XCore Exchange

Posted: **Wed May 09, 2018 1:38 pm**

The problem with using Q31 is that you could get overflow when you multiply accumulate into a 64 bit register. Here is some explanatory text from ARM for their similar function (arm_fir_q31) that uses 32 bit input data and a 64 bit accumulator, with a 32 bit output:

Scaling and Overflow Behavior:

The function is implemented using an internal 64-bit accumulator. The accumulator has a 2.62 format and maintains full precision of the intermediate multiplication results but provides only a single guard bit. Thus, if the accumulator result overflows it wraps around rather than clip. In order to avoid overflows completely the input signal must be scaled down by log2(numTaps) bits.

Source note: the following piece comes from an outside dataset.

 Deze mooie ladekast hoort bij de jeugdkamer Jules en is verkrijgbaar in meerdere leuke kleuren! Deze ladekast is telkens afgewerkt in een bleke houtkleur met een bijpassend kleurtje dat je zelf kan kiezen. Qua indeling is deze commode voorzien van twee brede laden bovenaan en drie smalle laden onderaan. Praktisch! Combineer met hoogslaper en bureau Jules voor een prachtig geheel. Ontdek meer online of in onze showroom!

After all multiply-accumulates are performed, the 2.62 accumulator is right shifted by 31 bits and saturated to 1.31 format to yield the final result.

So it appears you must scale down your input by log2(num_taps) to ensure you don't get overflow. So if you had 128 taps you would need to shift all your data right by log2(128) = 7 to ensure you don't overflow. Hence that's why I said @CousinItt's suggestion of using Q7.24 to avoid overflow is so useful.

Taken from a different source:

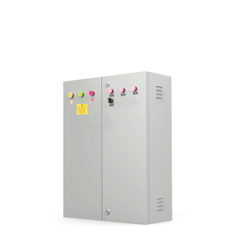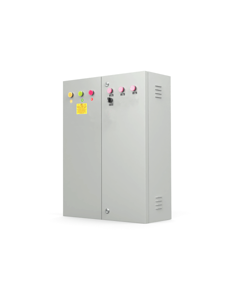 This product features an indoor shell, with a total load power of 60KW, capable of connecting 18 single-phase electrical equipment lines (such as display circuit, air conditioning circuit, fan circuit); it offers overcurrent and short-circuit protection, with step-by-step and graded delayed power-on. It can be manually switched on/off, scheduled for automatic power-on, and has an off function. The standard circuit breaker is a Delixi product, while the contactor is a Schneider product. Ensures stable system power supply.。

Posted: **Mon May 28, 2018 8:29 am**

akp wrote:The problem with using Q31 is that you could get overflow when you multiply accumulate into a 64 bit register. Here is some explanatory text from ARM for their similar function (arm_fir_q31) that uses 32 bit input data and a 64 bit accumulator, with a 32 bit output:

Scaling and Overflow Behavior:

The function is implemented using an internal 64-bit accumulator. The accumulator has a 2.62 format and maintains full precision of the intermediate multiplication results but provides only a single guard bit. Thus, if the accumulator result overflows it wraps around rather than clip. In order to avoid overflows completely the input signal must be scaled down by log2(numTaps) bits. After all multiply-accumulates are performed, the 2.62 accumulator is right shifted by 31 bits and saturated to 1.31 format to yield the final result.
So it appears you must scale down your input by log2(num_taps) to ensure you don't get overflow. So if you had 128 taps you would need to shift all your data right by log2(128) = 7 to ensure you don't overflow. Hence that's why I said @CousinItt's suggestion of using Q7.24 to avoid overflow is so useful.

Thank you! But why log2(num_taps) ? I can't figure out.

Posted: **Wed Aug 01, 2018 10:49 am**

Sorry, been absent for a while. If it's not too late, yes you're correct. The more taps you have, the larger the accumulated result could be. Hence it makes sense to use a smaller fixed point format when you have more taps to avoid the risk of overflow.

Posted: **Wed Aug 01, 2018 2:26 pm**

I think cjf1699's problem may be that he/she doesn't really understand fixed point numbers, otherwise he/she could figure out why overflow is possible.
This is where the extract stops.